JP2745097B2 - Construction method of low temperature liquefied gas underground tank - Google Patents

Description

DETAILED DESCRIPTION OF THE INVENTION

[0001]

BACKGROUND OF THE INVENTION 1. Field of the Invention The present invention relates to a method for constructing a low-temperature liquefied gas underground tank such as LNG.

[0002]

2. Description of the Related Art As a method for constructing a large-capacity low-temperature liquefied gas underground tank, such as LNG, on a coast or the like, the following method has conventionally been adopted.

[0003] One of them is to construct a water blocking wall or a retaining wall in a landfill at a seaside area, excavate the inside thereof, construct a concrete frame from a bottom portion and a lower end of a side wall, and then construct a roof and a cold insulator, a membrane, or the like. It is a method of performing inner tank construction.

Another method is to construct a water blocking wall or earth retaining wall in a landfill area at the seaside, and then excavate the water stopping wall or earth retaining wall as a structural reaction force to sequentially reverse the concrete frame from the top.

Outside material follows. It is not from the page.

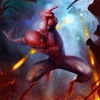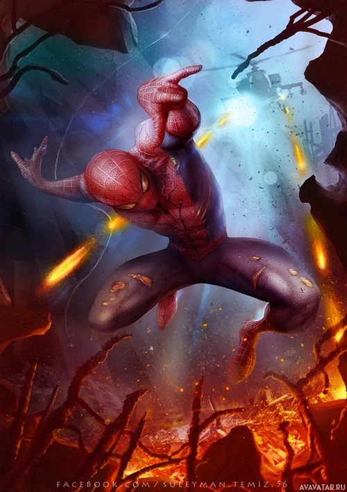 Marvel comics. He is shown in his iconic red and blue suit, with spider web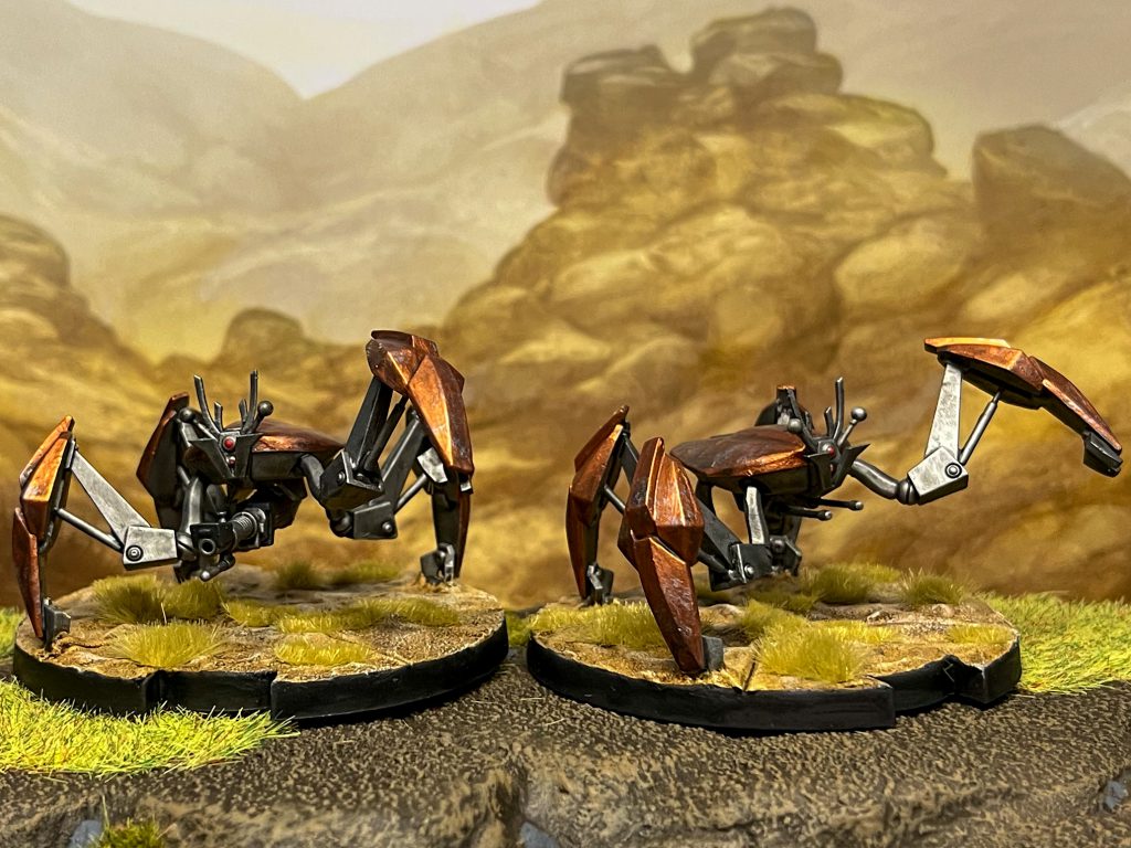 Anyone familiar with droid kits knows that they take about twice as long to build than they do to paint and that is absolutely still true of both of these. I really need to get a desert hill for some more fitting photos. The Crab Droids especially I kept staring at reference pics thinking that there must be more detail to add and there just….isn’t. They’re simple. I love that. I went for a metallic finish though instead of the weird matte orange one on the box art, it felt more correct and that copper with a shade is just gorgeous. Battle damage was a necessity. The Aqua Droids are equally simple being just a few silvers, a Darkstar metallic blue, and a dark grey for joins and guns before a nice thick wash is slapped all over.

Construction method, then the bottom concrete,
This is a method of constructing roof and inner tank construction.

[0005] Still another is that after constructing a water blocking wall or a retaining wall in a landfill in a seaside area, constructing a side wall concrete, laying it down with an open caisson, and then constructing a bottom concrete, a roof and an inner tank. How to build.

[0006]

In each of these conventional construction methods, various processes (water stop wall or retaining wall and side wall concrete frame, side wall concrete and bottom slab concrete, bottom slab concrete and roof, roof and inner slab) are required in the construction. Tanks, etc.) can hardly be constructed at the same time, and the construction period becomes extremely long. By the way, a large underground tank of more than 130,000 KL took more than 42 months to complete.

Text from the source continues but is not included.